REQUIRED WORK>
Extract precisely the lines that run from the line containing "在上述体系中,笔者团队基于多" to the end of the records below, with both ends included and pictures omitted.

───── DATA FOR THE TASK

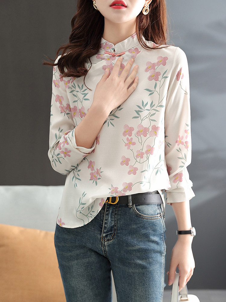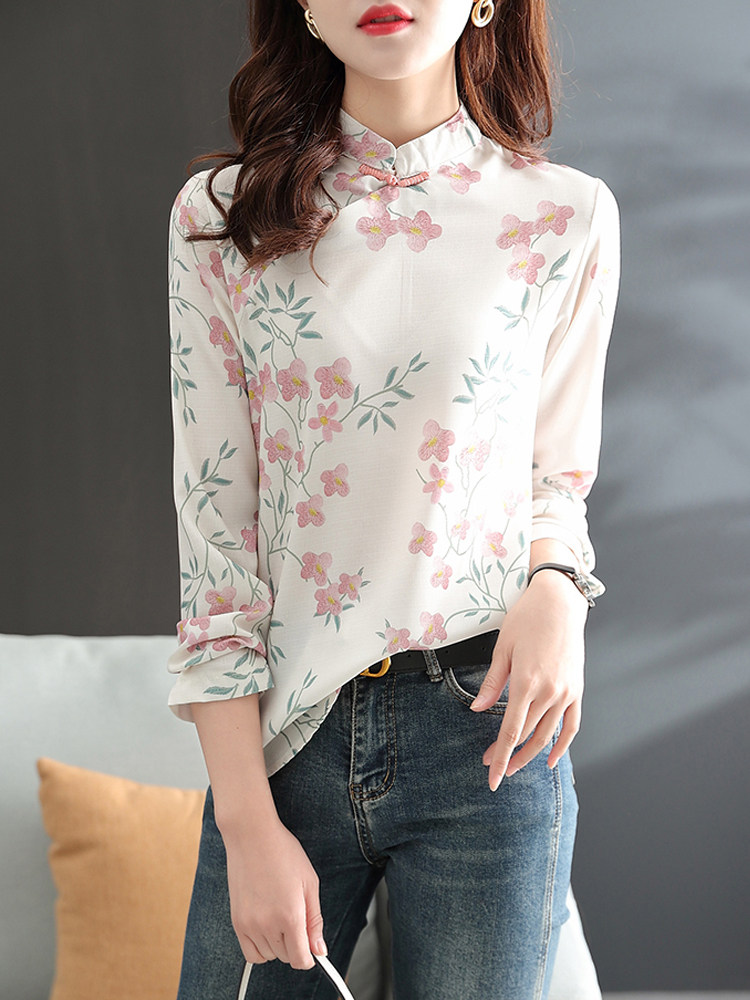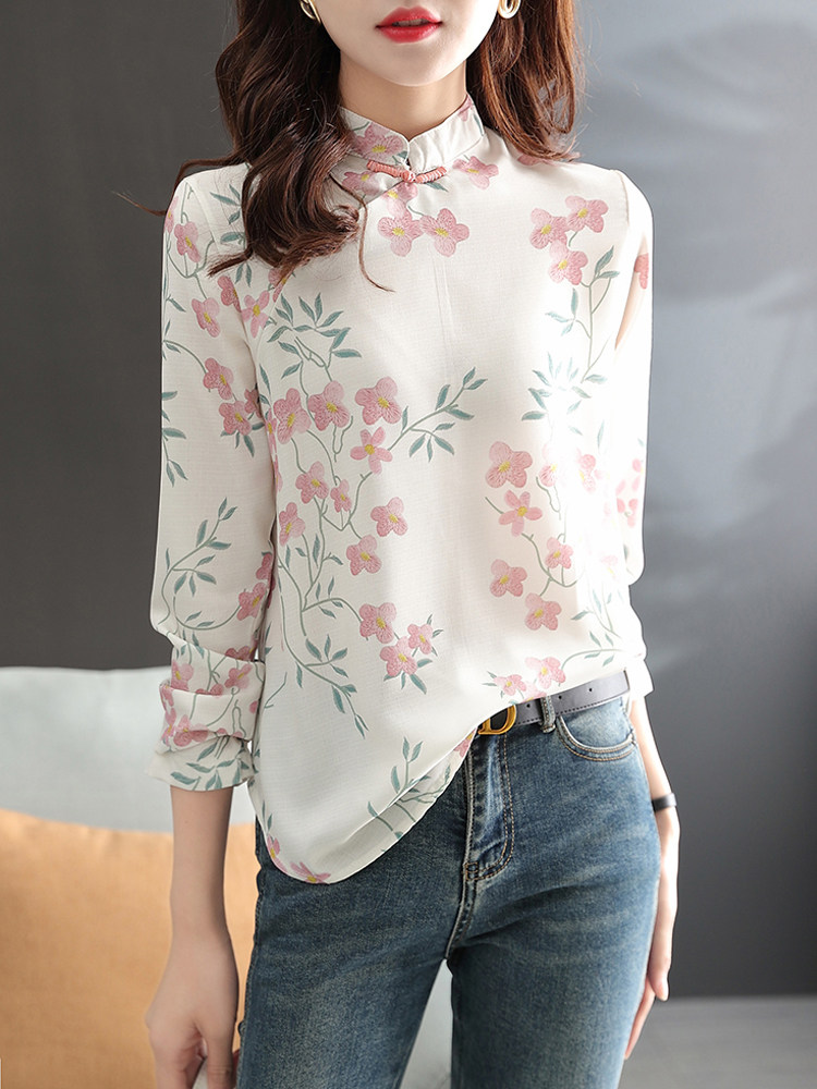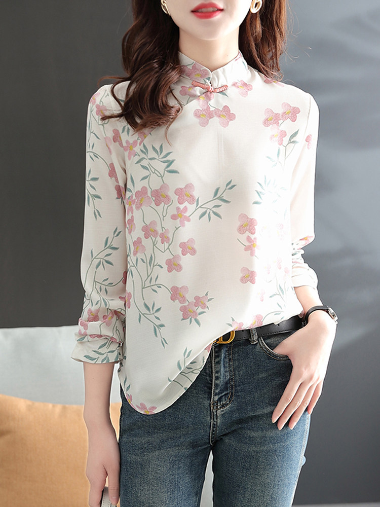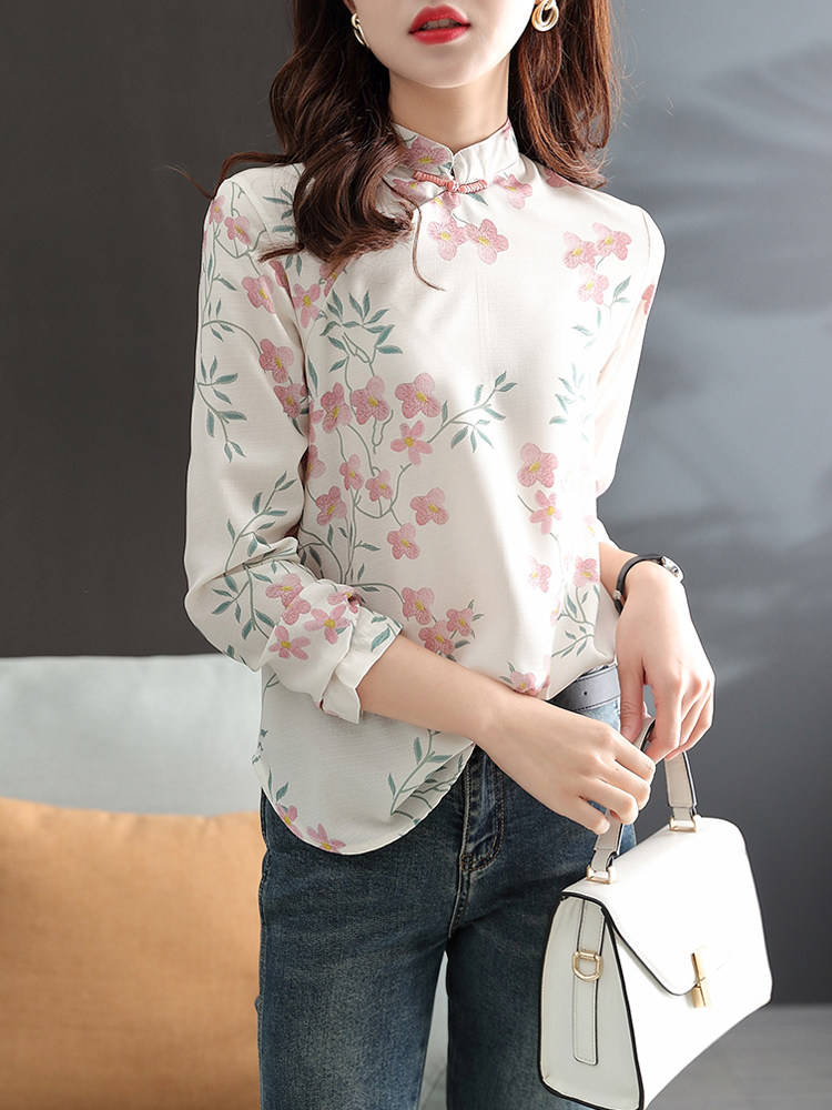 Модное ретро ципао, шифоновый лонгслив, весенняя рубашка, китайский стиль
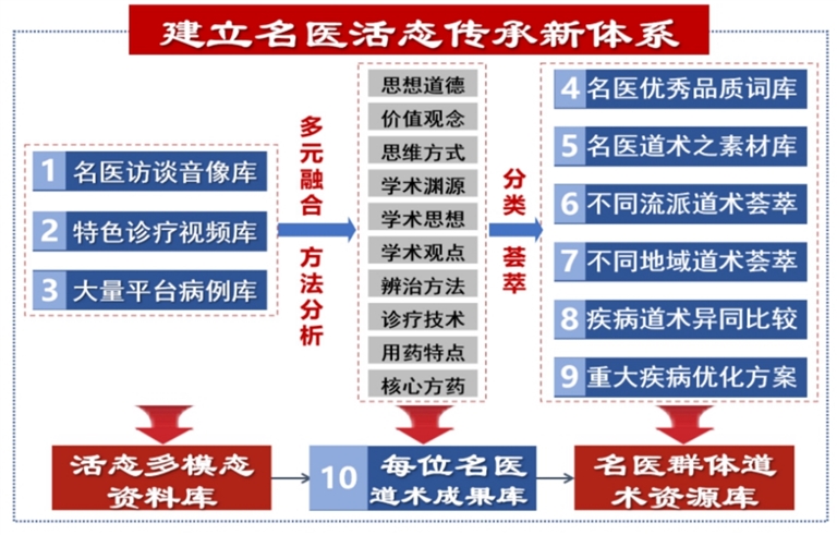 在上述体系中,笔者团队基于多元融合方法,系统挖掘名老中医的道术精华,形成了基于扎根理论研究的136位名老中医道术传承研究报告和基于500份三诊次病例系列研究的道术系统研究报告,共完成93234份名老中医病例的整理上传,其中包括三诊次及以上病例65795份;为每位名老中医录制了至少一种独特辨证方法、特色诊疗技术等视频资料;获得了全国不同地域和流派的名老中医的思想道德、价值观念、文化精神、学术渊源、学术观点、辨治方法、诊疗技术、核心方药等道术两个层面的精华。
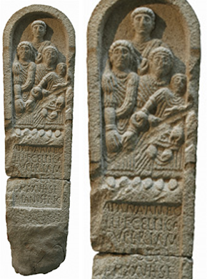 There were Celts who became literate, but they wrote in Latin or Greek, depending on where they were. This monument shows the family in an Eastern Roman style with a Latin inscription. Their viewpoint is already "Romanized" to an extent.
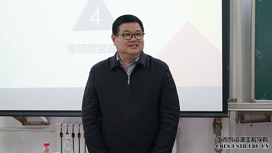 首先,赵金丹老师宣布会议正式开始,他向全体同学们正式介绍了土木与资源工程学院“双导师”制度并且隆重介绍了到场的嘉宾。在场的同学们也各自简短地介绍了自己。
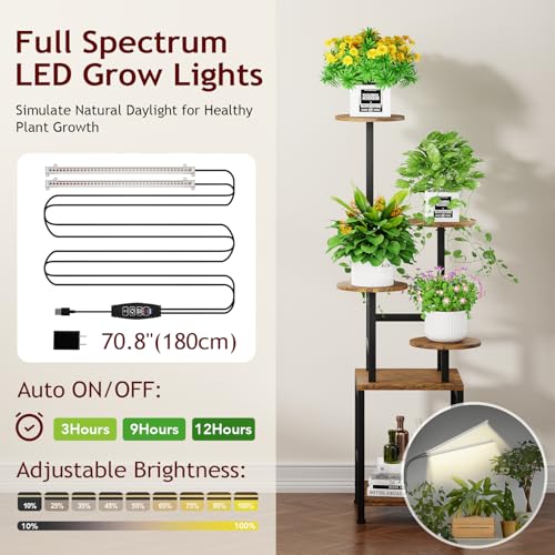 Homsorout - Plant Stand with Grow Lights, 5-Tier Indoor Plant Stand, Metal Plant Stand with Hanging Basket Hooks, Ideal for Living Room, Garden, Patio (Black Brown)
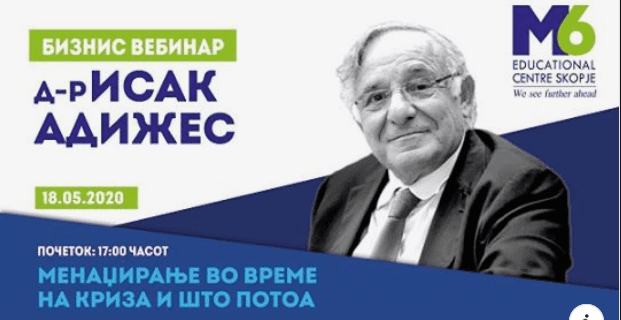 U vreme kada se suočavamo sa jednom od najvećih kriza moderne istorije, dr Adizes predstaviće svoje gledište i savete o upravljanju kompanijama i organizacijama tokom kriznog perioda, a osvnuće se i na temu – Manadžment u vreme krize i šta posle?
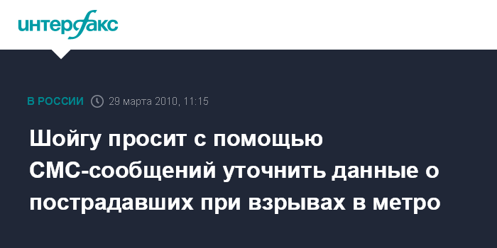 Москва. 29 марта. INTERFAX.RU - Глава МЧС России Сергей Шойгу просит операторов мобильной связи направить жителям города Москвы СМС-сообщения с просьбой связаться со своими близкими и родными, чтобы таким образом уточнить данные о пострадавших и погибших в результате взрывов в метро.
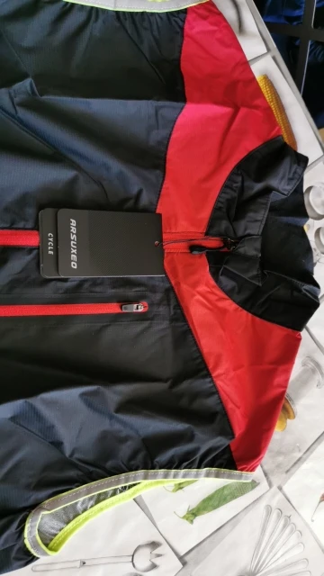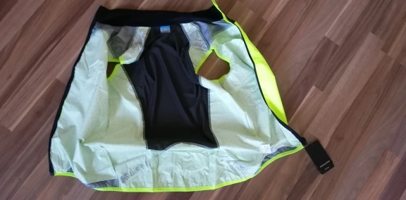Как описано в сообщении. Хорошо обработанный, легкий, помещается в кармане maillot и прекрасно режет ветер. Размер L хорошо подходит для 1,84 м и 74 кг
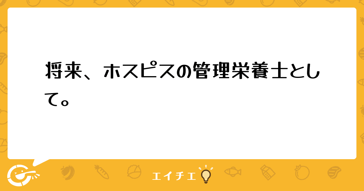 私が、管理栄養士になりたいと思ったきっかは、高校生の時にホスピスで働いている管理栄養士の方の講演会があり、そんな仕事もあるんだ。私も将来、そういった現場で働きたいと思い、管理栄養士養成学校へ進学をしました。
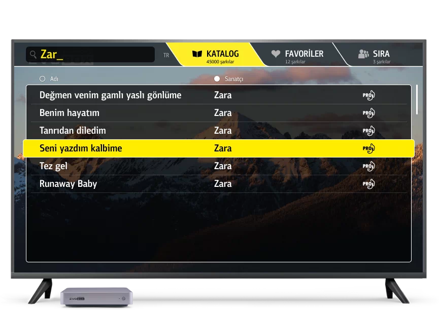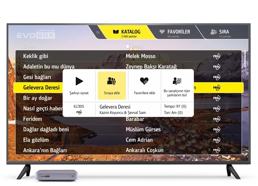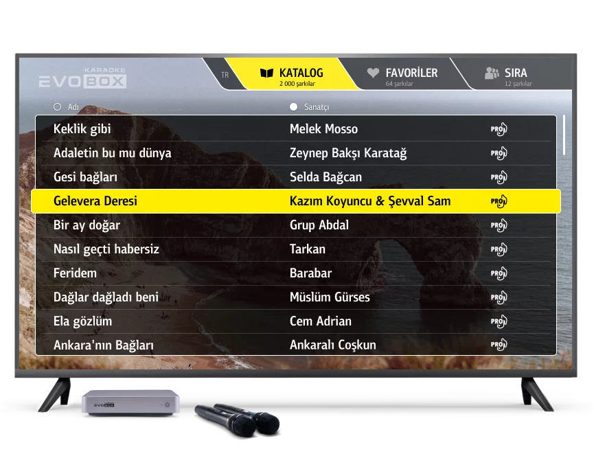 Полный караоке-каталог от Studio Evolution содержит более 80 000 композиций на 20+ языках, в том числе песни на арабском языке и 2000+ турецких песен, и регулярно пополняется новыми хитами. Вы можете приобрести любые песни из полного каталога отдельно.
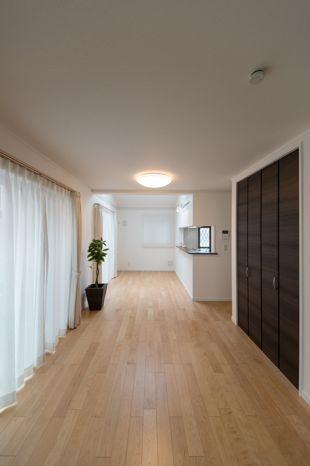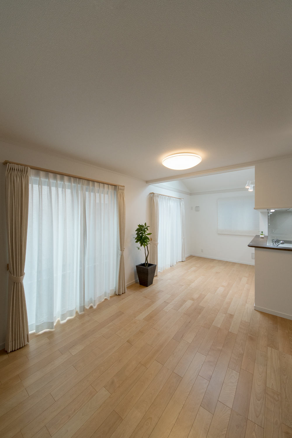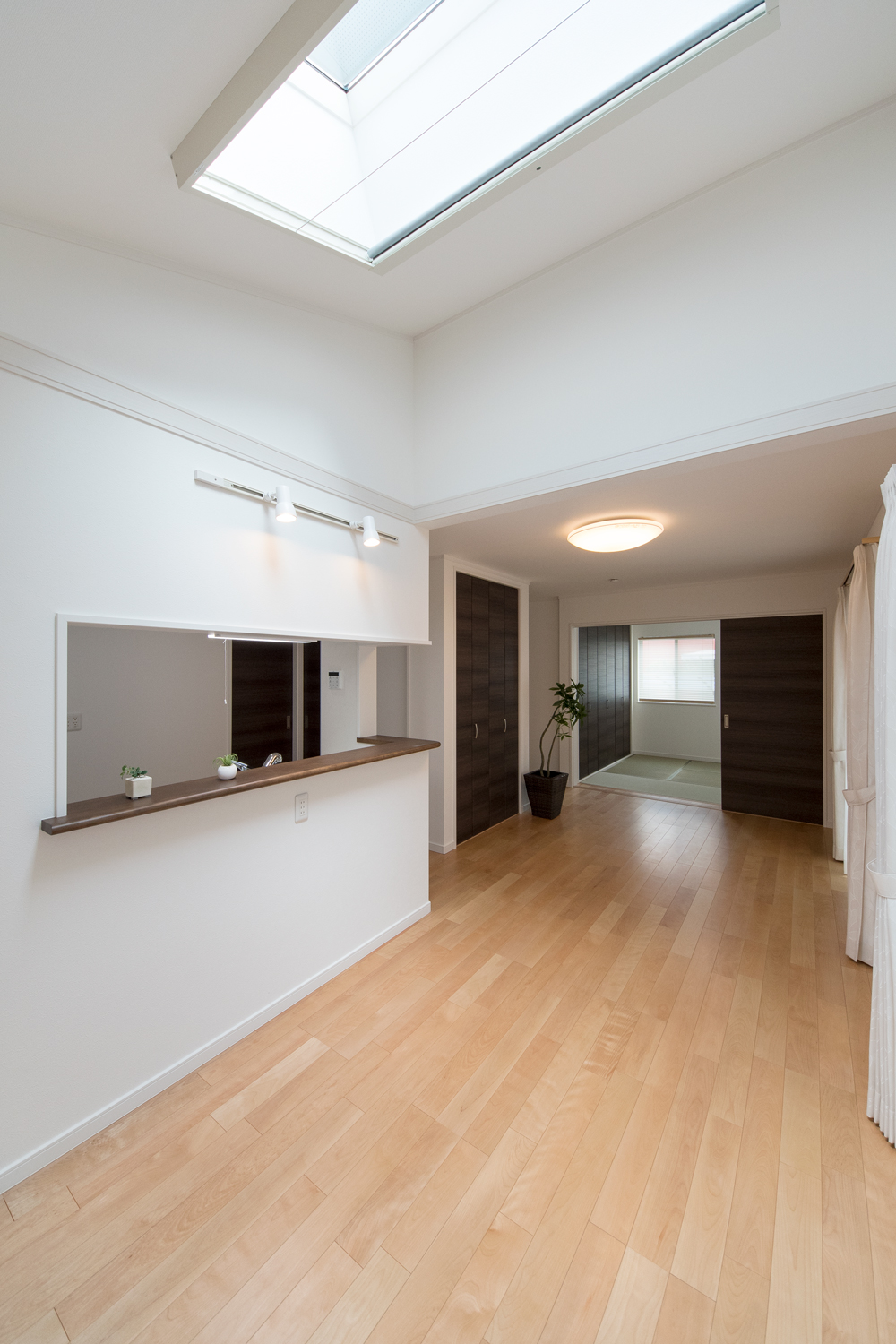 勾配天井に天窓を設えた、光のあふれる空間 目覚めの良い朝を迎える明るいダイニング

──────────

EXERCISE ANSWER>
 在上述体系中,笔者团队基于多元融合方法,系统挖掘名老中医的道术精华,形成了基于扎根理论研究的136位名老中医道术传承研究报告和基于500份三诊次病例系列研究的道术系统研究报告,共完成93234份名老中医病例的整理上传,其中包括三诊次及以上病例65795份;为每位名老中医录制了至少一种独特辨证方法、特色诊疗技术等视频资料;获得了全国不同地域和流派的名老中医的思想道德、价值观念、文化精神、学术渊源、学术观点、辨治方法、诊疗技术、核心方药等道术两个层面的精华。
 There were Celts who became literate, but they wrote in Latin or Greek, depending on where they were. This monument shows the family in an Eastern Roman style with a Latin inscription. Their viewpoint is already "Romanized" to an extent.
 首先,赵金丹老师宣布会议正式开始,他向全体同学们正式介绍了土木与资源工程学院“双导师”制度并且隆重介绍了到场的嘉宾。在场的同学们也各自简短地介绍了自己。
 Homsorout - Plant Stand with Grow Lights, 5-Tier Indoor Plant Stand, Metal Plant Stand with Hanging Basket Hooks, Ideal for Living Room, Garden, Patio (Black Brown)
 U vreme kada se suočavamo sa jednom od najvećih kriza moderne istorije, dr Adizes predstaviće svoje gledište i savete o upravljanju kompanijama i organizacijama tokom kriznog perioda, a osvnuće se i na temu – Manadžment u vreme krize i šta posle?
 Москва. 29 марта. INTERFAX.RU - Глава МЧС России Сергей Шойгу просит операторов мобильной связи направить жителям города Москвы СМС-сообщения с просьбой связаться со своими близкими и родными, чтобы таким образом уточнить данные о пострадавших и погибших в результате взрывов в метро.
Как описано в сообщении. Хорошо обработанный, легкий, помещается в кармане maillot и прекрасно режет ветер. Размер L хорошо подходит для 1,84 м и 74 кг
 私が、管理栄養士になりたいと思ったきっかは、高校生の時にホスピスで働いている管理栄養士の方の講演会があり、そんな仕事もあるんだ。私も将来、そういった現場で働きたいと思い、管理栄養士養成学校へ進学をしました。
 Полный караоке-каталог от Studio Evolution содержит более 80 000 композиций на 20+ языках, в том числе песни на арабском языке и 2000+ турецких песен, и регулярно пополняется новыми хитами. Вы можете приобрести любые песни из полного каталога отдельно.
 勾配天井に天窓を設えた、光のあふれる空間 目覚めの良い朝を迎える明るいダイニング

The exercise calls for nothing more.